Dzięki za odpowiedź! Napisz proszę czy twojemu synowi przeszło i kiedy. Robimy dokładnie tak samo, lampka delikatna i przyslaniam bok łóżeczka pieluszka. Gdy jest zawinieta śpi jak aniołek od 20-21 do 2-3 później je, a po tym to już różnie. Czasem się okropnie wierci przez sen a czasem spi pięknie i zawsze wstajemy okolice 6-7 rano 🙂

Odnośnik do komentarza

PS. Materacyk też mamy lateksowy właśnie, jeden z lepszych. Ale problem występuje niezlaneznie od tego czy córka śpi z nami w lóżku czy obok w łóżeczku. Zawsze to samo. Na plecach nie zaśnie w ogóle bez otulenia...może dla niektórych to jest śmieszne że martwię się o swoj sen, ale uważam że to dziwny problem bo córka zasypia ładnie i dość szybko tylko to wybudzanie się... 

Odnośnik do komentarza
Gość Kasia R.

Hej. Ja mam tak samo - córeczka ma 2 miechy skończone i wybudza się w dzien machajac łapkami- kładę na brzuszku zeby chociaz troszke jej przyblokowac ręce... brzmi może strasznie ale tak jest. Tylko moja musi zasypiać na rękach u mnie dodatkowo.

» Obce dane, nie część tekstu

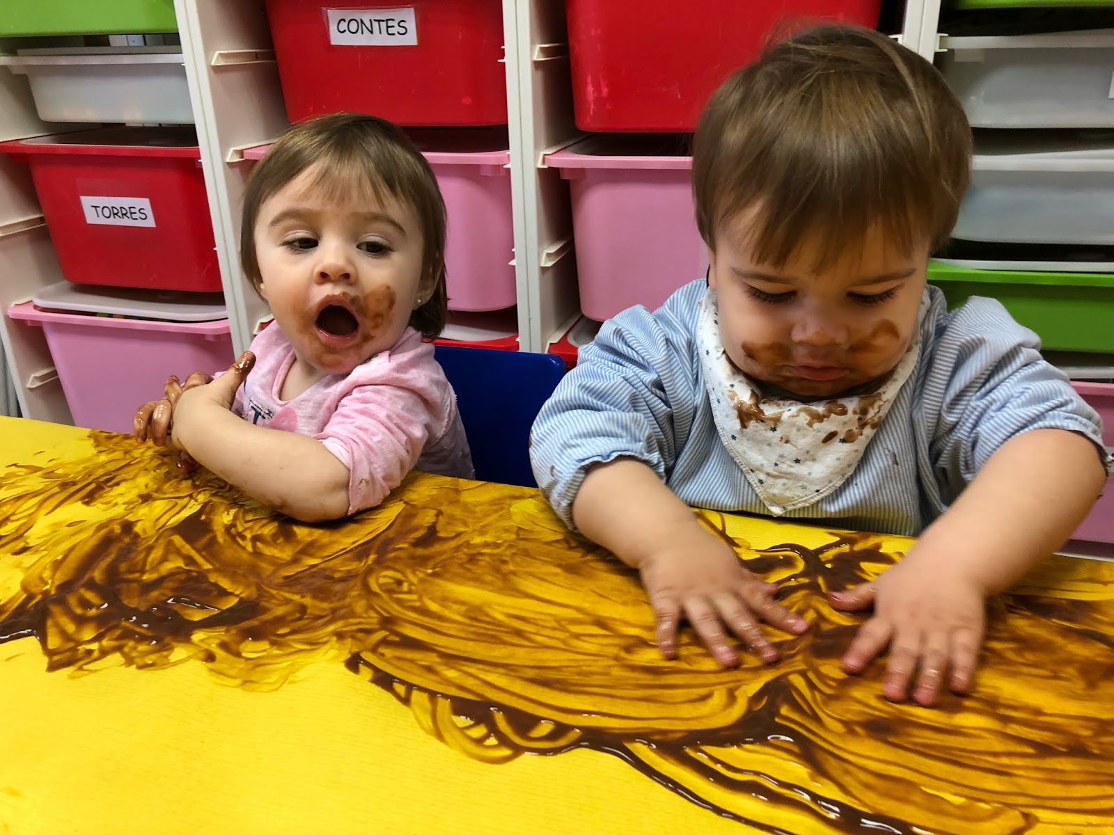Una de les activitats que més ens agrada. Quan vam començar a experimentar amb xocolata ens vam mostrar una mica tímids ficant només un dit, però a poc a poc tots vam acabar amb les mans dins de la xocolata i llepant-nos els dits... mm que bona!

Zasnie,  kładę ja - 10, 15 min i znowu to samo- wybudzanie.  Tylko u mnie to kwestia tego czemu w ogóle się wybudza... U nas najprawdopodobniej wybudza się przez refluks (mamy zdiagnozowany), może być też przez brzuszek (puszcza często głośno baczki).  Może u Ciebie też coś po prostu jej przeszkadza/boli/denerwuje i dlatego się rozbudza i zaczyna machać rączkami i przez to się budzi (tak niestety mają maluchy). Ja probowalam jeszcze tych otulaczy- tulika i woombie. One otulaja Ale mam wrażenie że głównie chodzi w nich o blokowanie raczek żeby właśnie dzieci się nie wybudzaly nimi 😉 nie wiem czy to kwestia poczucia bezpieczenstwa czy to pic na wode 😉 może spróbuj.  Ale jak dla mnie (mogę się mylić- mówię z własnego doswiadczenia) to kwestia czemu w ogóle dziecko się budzi Ze snu kiedy ewidentnie chce mu się spać..  moim zdaniem coś tam po prostu przeszkadza (tak jak napisałam wyzej). Może jeszcze jelita nie pracują dobrze i pobolewa,  refluksik (też popularne że się cofa pokarm i może to być nieprzyjemne dla dziecka) czy też coś innego. Miejmy nadzieję,  że to przejdzie - a  przejdzie na pewno  - i będzie lepiej 😉 A płacze jak się budzi ? Czy nie? Może spróbuj tego otulacza póki co. No.musicie też spać.wiex trzeba sobie jakos radzić 😉 powodzenia i trzymam kciuki..

Odnośnik do komentarza

Kasia R. Dzięki za odpowiedź 🙂 otulacz woombie już mamy drugi, pierwszy do 3 m teraz już od 3-6 m używamy, ale nie pomaga tak dobrze jak pieluszka. Oczywiście kładę ja tak na skos żeby dzidzia miała troszkę luzu przy ruchach ale żeby spać w nocy rączki bron Boże nie mogą wyjść na wierzch... Ehh oby się skończyło bo to jedyny taki mój problem z dzieckiem a jak nie wiemy co jest przyczyną to już w ogóle stresuje i denerwuje niewiedza i brak możliwości żeby coś poradzić. Pozdrawiam 

Odnośnik do komentarza

Nie chce was straszyć bo to indywidualne przypadki Ale mój ma 13 miesięcy spi dobrze od21 do 2 W nocy później macha rękoma nogami wstaje przekreca się kosmos ogólny. Jak to otulalam to jeszcze większy krzyk I niezadowolenie bo nie mógł się obrócić  .... cóż kawa 3 razy dziennie I do przodu... 

Odnośnik do komentarza
Gość Zakochana

No ja też bym chętnie dowiedziała się jak temu zaradzić.  Jakbym czytala o swoim dziecku. Mój synek ma prawie 8 m-cy i nadal mu nie przeszło.  Nie potrafi zapaść w głęboki sen, wubudza się po 20-30 min.   W nocy śpi 1-1,5. Nakmniejszy halas go budzi, nawet ja na lozku nie moge sie przewrocic na drugi bok bo to potrafi to znudzić. A już szeptanie to zaraz oczy jak 5 zł. Jestem zmęczona ale wszędzie słyszę że niektóre dzieci tak mają i kiedyś mu przejdzie.... jedynie od 2 m-cy udaje się go uśpić na dłużej na spacerze ale śpi dopóki wózek jedzie. Lulanie przód tył nie wchodzi w rachubę.  Tylko nie zawsze pogoda pozwala na spacer A pozatym przecież w nocy spacerować nie będę  😕

Odnośnik do komentarza

Czyli widzę że to jednak nie tylko nasz problem...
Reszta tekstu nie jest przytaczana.